" I CAN'T wait to see how the incoming administration deals with AI [artificial intelligence]," said US Secretary of State John Kerry, in a less-than-gracious reference to the fact that the Trump team hasn't got a clue about the real driving force in the changing world economy.
What was striking was that Kerry didn't have to clarify his remark for the 2000 "global leaders" -- politicians, bureaucrats, business representatives and public intellectuals -- who were in the Swiss alpine town of Davos for the annual World Economic Forum last week. They all know what he was talking about.
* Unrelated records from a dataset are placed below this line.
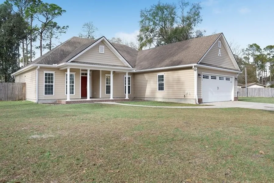 Measurements coming- Move-in ready home with rare bonus features! This freshly updated d3-bedroom, 2-bath home with 2 car garage has been recently painted and includes a new refrigerator, new bathroom sink, giving it a clean, inviting feel. Inside, you'll love the open-concept living space, beautiful tray ceilings in both the living room and primary suite, and a spacious kitchen featuring rich cabinetry and pendant lighting—perfect for everyday living and entertaining. The primary suite offers a relaxing retreat with a spa-style bathroom, including a jetted soaking tub, separate walk-in shower, and double vanities. Tray Ceilings and French doors going onto the back porch. Additional highlights include a dedicated laundry room with built-in cabinetry for extra storage and convenience. Step outside to enjoy the covered back patio with ceiling fan and French doors, ideal for grilling, relax...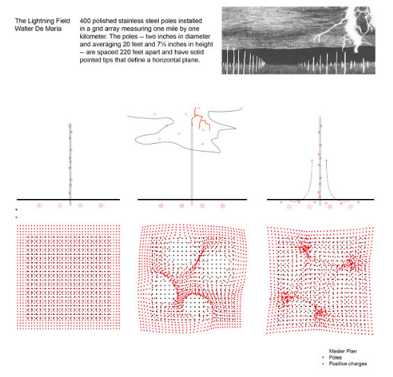 Il lavoro di Tschumi a sua volta dve molto all'approccio Notazionale... Una tecnica che asrae un livello un layer dalla realtà per creare un sistema di relazioni - un campo - astratto. ipico ed esemplare a questo proposito è il lavoro di Walter de Maria Lighting filed (molto in rete)
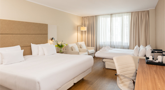 The iconic NH Collection München Bavaria building was one of the first skyscrapers in Munich and offers the highest hotel rooms to be found across the entire city center. The hotels design reflects the city's rich history, with bronze details echoing the statue of Bavaria, the personification of the Bavarian homeland.
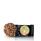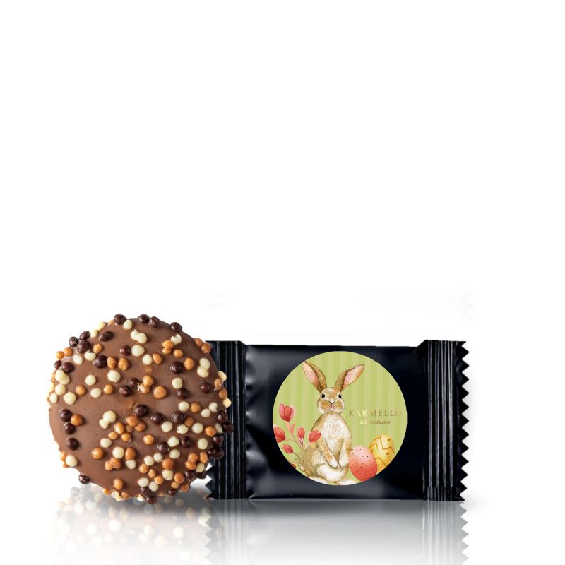 The milk cookie is a little Easter treat that tempts from the very first glance. Beneath a delicate chocolate layer, it hides a velvety filling made from white chocolate and creamy hazelnut paste. The whole thing is finished with a colorful festive sticker, making the cookie look charming and perfect as a small gift or a sweet surprise.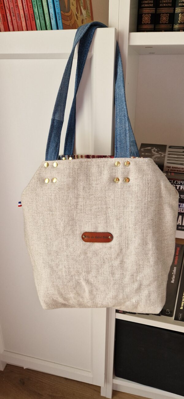 Les anses sont en jean upcyclé fixées par des rivets, et deux petites bandes de tissus permettent à l’intérieur de fermer le sac avec un petit mousqueton.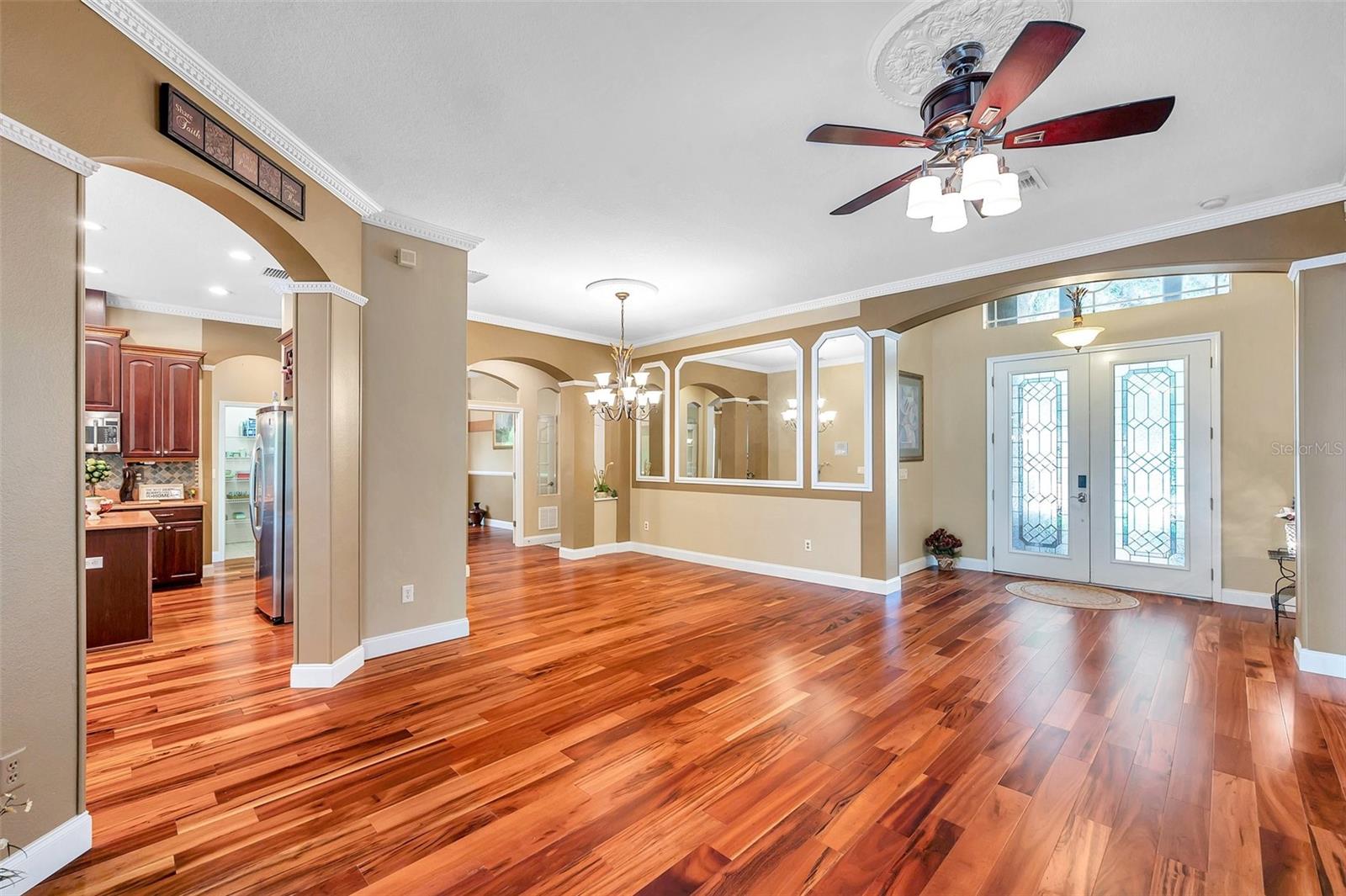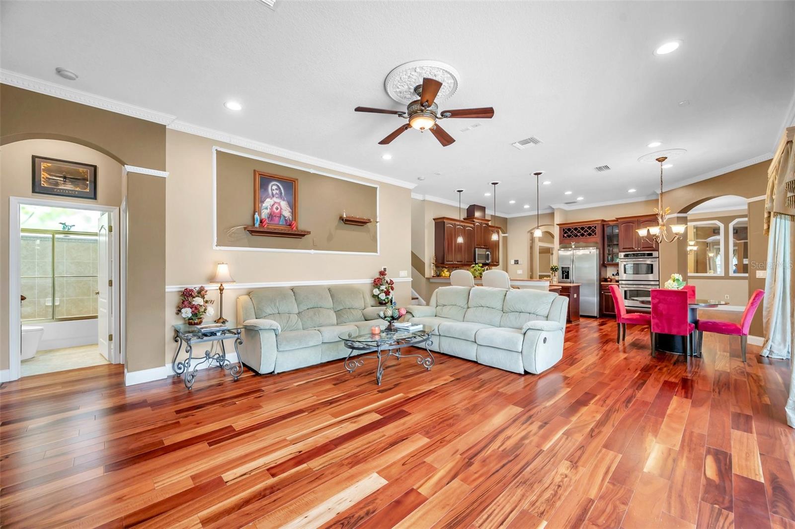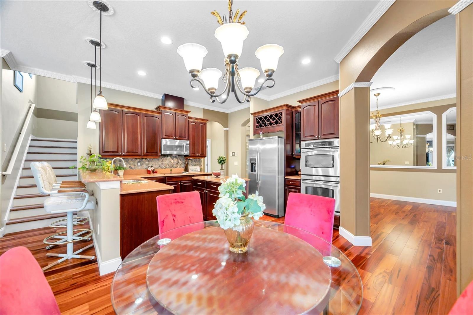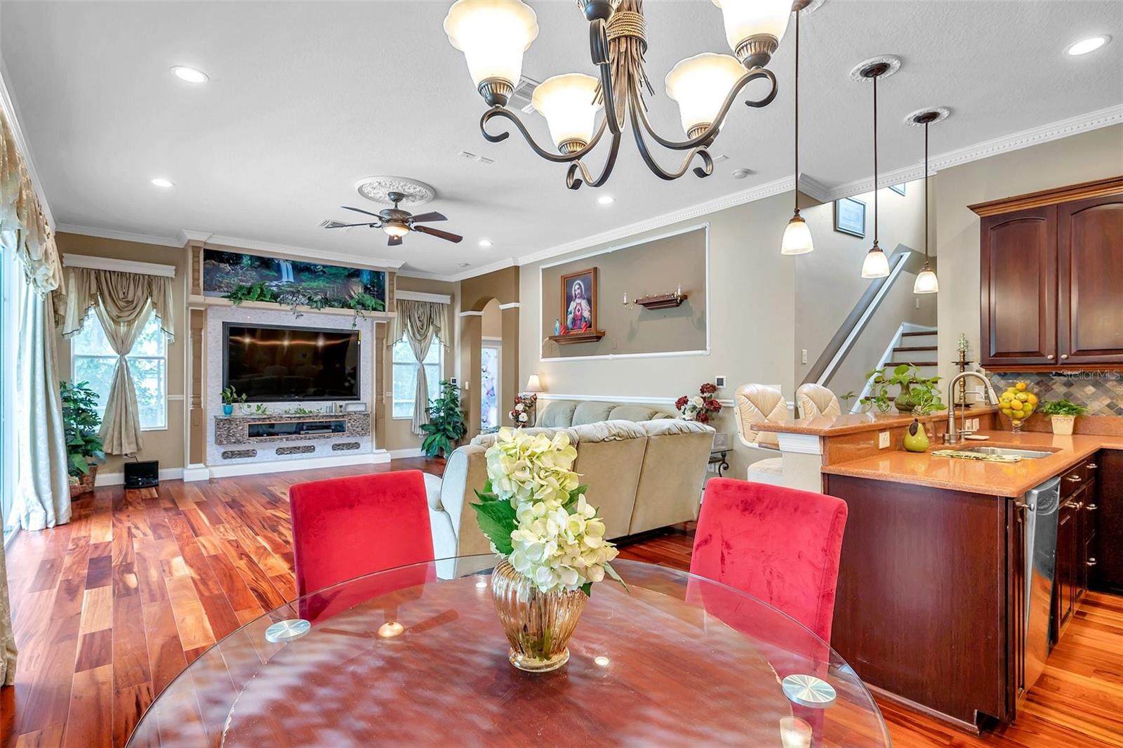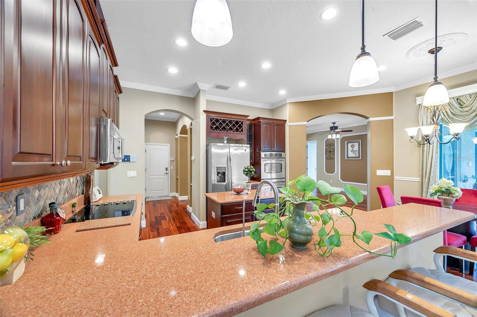 BEM-VINDO À SUA CASA EXECUTIVA em 9124 Topneck St, New Port Richey, FL, no sofisticado condomínio fechado de Waters Edge. Este modelo POPULAR Barrington possui 5 quartos + escritório + loft/bônus, 4 banheiros e garagem para 3 carros com quase 3.600 pés quadrados aquecidos e pouco menos de 4.600 pés quadrados no total. Esta casa fica em um lote GRANDE de 0,27 acres ou quase 12.000 pés quadrados com vista para o lago no quintal. Você vai adorar a PISCINA COM SPA SPILLOVER contida em uma ENORME varanda com tela e pavimentada. Há uma COZINHA EXTERIOR PERSONALIZADA IMPRESSIONANTE completa com frigobar, fogão a gás propano, churrasqueira, micro-ondas, pia dupla, armários de aço inoxidável, balcões de granito e backsplash de mosaico. Esta casa INCRÍVEL foi feita para ENTRETENIMENTO INTERIOR-EXTERIOR, já que a varanda e o quintal são acessíveis através de várias portas deslizantes de vidro do quarto principal, sala de estar, sala de jantar, sala de família e banheiro de piscina/suíte de quarto de hóspedes. MARAVILHOSAS características exteriores são NOVO TELHADO DE TELHA (1/2024), pedras empilhadas com estuque, paisagismo tropical, iluminação de realce, calhas de chuva, ampla entrada de automóveis e pátio frontal. Ao entrar pelas MARAVILHOSAS portas duplas de vidro francês, você se apaixonará pela planta aberta, lindos pisos de madeira e tetos altos. A planta aberta consiste em hall de entrada, cozinha, sala de jantar, sala de estar, jantar e salas familiares. A cozinha GOURMET possui balcões Corian, eletrodomésticos em aço inox (fogão, forno duplo, micro-ondas, lava-louças, descarte), luminárias suspensas sobre a bancada do café da manhã, ilha central, backsplash de azulejos, armários de madeira PREMIUM com moldura superior e ferragens e DESPENSA WALK-IN . Crie memórias familiares durante o jantar na sala de jantar formal com lustre EXQUISITO ou relaxe na sala familiar com uma PAREDE DE MÍDIA DE PEDRA empilhada com TV incluída! Retire-se para a SUÍTE DE QUARTO PRIMÁRIO NO PRIMEIRO ANDAR com teto falso, closets duplos e banheiro privativo. O banheiro principal RELAXANTE consiste em pias duplas, balcões de pedra, armários combinando, banheira de imersão de jardim WHIRLPOOL/SPA, chuveiro separado, banco de chuveiro, box de vidro e armário de banheiro privativo. Na ala oposta da casa há um quarto de hóspedes com banheiro combinado com chuveiro/banheira (banheira de piscina). Você trabalha em casa? O escritório DEDICADO com portas francesas duplas está localizado ao lado da cozinha. Para resumir, o primeiro nível consiste nas seguintes salas: hall de entrada, cozinha, despensa, sala de estar, jantar, sala de jantar, escritório, quarto principal e banheiro, quarto de hóspedes e banheiro e lavanderia. No segundo nível, você encontrará a sala/loft bônus, mais 3 quartos, mais 2 banheiros completos e um armário de armazenamento com 2 conjuntos de sistemas HVAC. Todos os quartos podem acomodar confortavelmente móveis king size. O terceiro banheiro no andar de cima possui balcões de Corian e uma porta de bolso para separar a penteadeira do vaso sanitário e da banheira/chuveiro para maior privacidade. O 4º banheiro (atualização do construtor) é uma adição bem-vinda a esta casa. MAIS DETALHES para adorar esta casa: muitos ventiladores para fazer circular a brisa fresca, medalhões de teto, sancas em todo o 1º nível, detalhes em madeira em toda a casa (moldagem de cadeiras, paredes com detalhes acentuados, molduras de espelhos na sala de jantar), cores quentes complementares , entradas em arco, iluminação embutida e TRATAMENTOS PERSONALIZADOS em janelas e portas de vidro deslizantes. A taxa HOA inclui irrigação recuperada, lixo 2 vezes por semana com reciclagem, TV a cabo Spectrum e internet, segurança e comodidades como piscina, splashpad, academia, clubhouse, quadras de basquete/pickleball e píer/doca de pesca. FAÇA DESTA SUA FUTURA CASA!

This year's Davos gathering is actually focused on the rise of populism and simple-minded attacks on globalisation (Donald Trump, Brexit et al). That's only to be expected, since the world's ultra-rich are potentially threatened by that sort of thing. But they didn't get rich by being stupid, and they have a fairly sophisticated analysis of what's causing it.
The headline event on the first day was an hour-long speech by China's President Xi Jinping, in which he laid claim to the leadership role on free trade, globalisation and the struggle to contain climate change that is being abandoned by the US under Trump. His main concern was to fight protectionism: "No one will emerge as a winner in a trade war," he said.
But Xi didn't go into the sources of the anger that fuels the populist revolt (for China is not a democratic country, and it hasn't happened there yet). John Kerry did, and he went well beyond the usual platitudes about rising unemployment and under-employment, stagnating wages, and the widening gulf between the rich and the rest. "Trade is not to blame for job losses," he said. Automation is.